En juin 2009, la Cour constitutionnelle a saisi la Cour de justice de l'Union européenne d'une demande de décision préjudicielle portant sur la validité de l'article 5, 2., de la directive 2004/113 du Conseil du 13 décembre 2004, mettant en oeuvre le principe de l'égalité de traitement entre les femmes et les hommes dans l'accès à des biens et services et la fourniture de biens et services (JOUE L 373, p. 37). C'est, en effet, sur le fondement de cette disposition, qui laissait aux Etats membres jusqu'au 21 décembre 2007 pour décider d'autoriser les assureurs à maintenir “des différences proportionnelles en matière de primes et de prestations pour les assurés lorsque le sexe est un facteur déterminant dans l'évaluation des risques, sur la base de données actuarielles et statistiques pertinentes et précises”, que fut adoptée, in extremis, la modification de l'article 10 de la loi du 10 mai 2007.

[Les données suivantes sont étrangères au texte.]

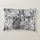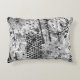 This throw pillow features an eclectic abstract that includes circles of zebra stripes. The colours range from grey (or grey) to charcoal to black.

Dans un arrêt du 1er mars 2011, la Cour de justice, se ralliant à la solution préconisée par Mme l'avocat général Kokott dans ses conclusions du 30 septembre 2010, a invalidé l'article 5, 2., de la directive 2004/113.
Faisant observer que, aux termes de l'article 5, 1., de cette directive, le législateur de l'Union a entendu consacrer, au titre de l'objectif général d'égalité de traitement des sexes poursuivi par ladite directive, la règle des primes et des prestations unisexes en assurance tout en prévoyant une période transitoire jusqu'au 21 décembre 2007, la Cour a, en substance, considéré que ce législateur ne pouvait pas, dans le même temps, autoriser les Etats membres, à l'article 5, 2., de la directive, à tolérer des différences fondées sur le sexe en matière de primes et de prestations d'assurance, sans limitation dans le temps, et ce, au risque que cette dérogation à l'égalité de traitement soit indéfiniment permise par le droit de l'Union.

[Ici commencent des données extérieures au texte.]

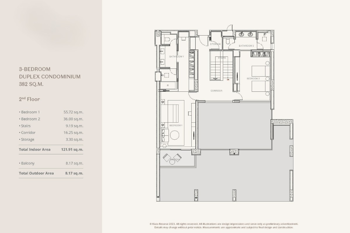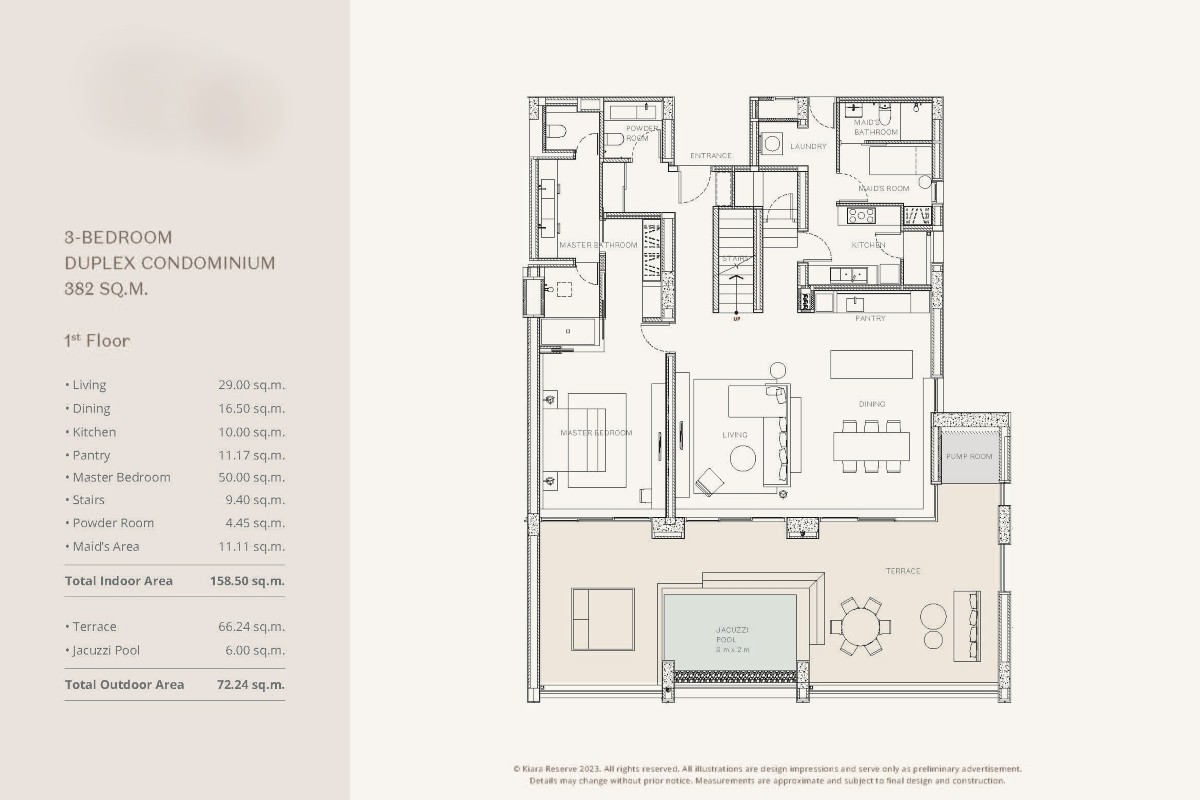 Duplex residences offer 3 bedrooms over 2 levels with a built-up area of 382 sqm. The ground floor features an open-plan living, dining, and kitchen area, a master bedroom with ensuite, a guest bathroom, and a maid’s room with ensuite. Upstairs are 2 ensuite bedrooms, a balcony, and a mezzanine overlooking the living area below.

Elle en a conclu que l'article 5, 2., de la directive 2004/113 est contraire à la réalisation de l'objectif d'égalité poursuivi par cette directive et incompatible avec les articles 21 et 23 de la charte des droits fondamentaux relatifs à l'égalité entre les femmes et les hommes ainsi qu'à l'interdiction des discriminations fondées sur le sexe.
L'invalidation de cette disposition a cependant été tenue en suspens jusqu'à l'expiration d'une 'période de transition adéquate', à savoir le 21 décembre 2012 (date à laquelle les Etats membres auraient été tenus, en vertu de la disposition invalidée, de réexaminer leur décision prise au titre de celle-ci).
Cet important arrêt, qui soulève de nombreuses questions, dont celle, d'un intérêt pratique évident pour les professionnels de l'assurance vie, des effets de cette invalidation sur les contrats en cours, fera l'objet d'un commentaire approfondi dans un prochain numéro de cette revue.